Cybersecurity Regulatory Science

The FDA notes that their Center for Devices and Radiological Health (CDRH) identified medical device cybersecurity as one of their top 10 regulatory science gaps. In the CDRH publication “Regulatory Science Priorities (FY2016)” it was noted that (page 8):

“Digital Health and cybersecurity are some of the fastest growing areas impacting medical devices. Devices are being increasingly used in networked environments and are expected to communicate with one another securely and accurately. To ensure these technologies and technological environments achieve the desired public health impact, research is needed to enhance performance and security of medical devices and interoperability, and to understand the impact of software modifications on device performance.”

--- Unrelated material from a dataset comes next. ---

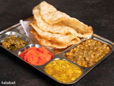 A classic breakfast combo — fluffy puris, sweet halwa, and savory chana, just like home.

With that in mind the FDA, in conjunction with the National Science Foundation and the DHS Science and Technology Directorate, is attempting to establish a cybersecurity regulatory science research framework to foster a collaborative research conducted between federal agencies such as NSF, DHS S&T, academia, medical device industry, and third party experts and other organizations with input from FDA.

Workshop Agenda

This scheduled workshop is designed to support that effort by conducting a number of simultaneous working sessions discussing the following topics:

• Relationship between medical device cybersecurity and patient safety;

• Unique cybersecurity and regulatory challenges for medical devices;

• Differences in cybersecurity between home care, large health care providers, and acute care settings (e.g., ambulance, emergency room);

• The roles and intersection of information technology professionals and biomedical engineering staff;

• Potential metrics, evaluation tools to test and quantify the cybersecurity of medical devices and systems;

• Automated and manual tools for communicating cybersecurity information about medical device design and function;

• Best practices for cybersecurity of medical devices at deployment and how to apply updates throughout the medical device lifecycle;

• Human factor issues in cybersecurity of medical device development, deployment, and use of devices; and

• Best practices in cybersecurity design, deployment, and post-deployment activities and procedures.

Each of the sessions will attempt to add to address the:

• Immediate cybersecurity challenges and potential solutions to facilitate entry of innovative medical devices into the marketplace;

• Cybersecurity regulatory science gaps to which solutions can be developed through additional scientific research; and

• Long-term cybersecurity research challenges which may need significant additional basic research.

Public Participation

Personnel wishing to participate in the workshop need to register in advance via the FDA’s workshop registration page. Unfortunately, as of 8:20 am EDT today that page does not show this planned workshop even though the notice states that early registration is recommended due to limited seating.

The FDA is also soliciting written comments on the above topics. Written comments may be submitted via the Federal eRulemaking Portal (www.Regulations.gov; Docket # FDA-2017-N-1572). Those comments should be submitted by June 23^rd, 2017.

Please note that the Federal Register notice specifically states that the workshop is not designed to discuss FDA policy regarding cybersecurity of medical devices.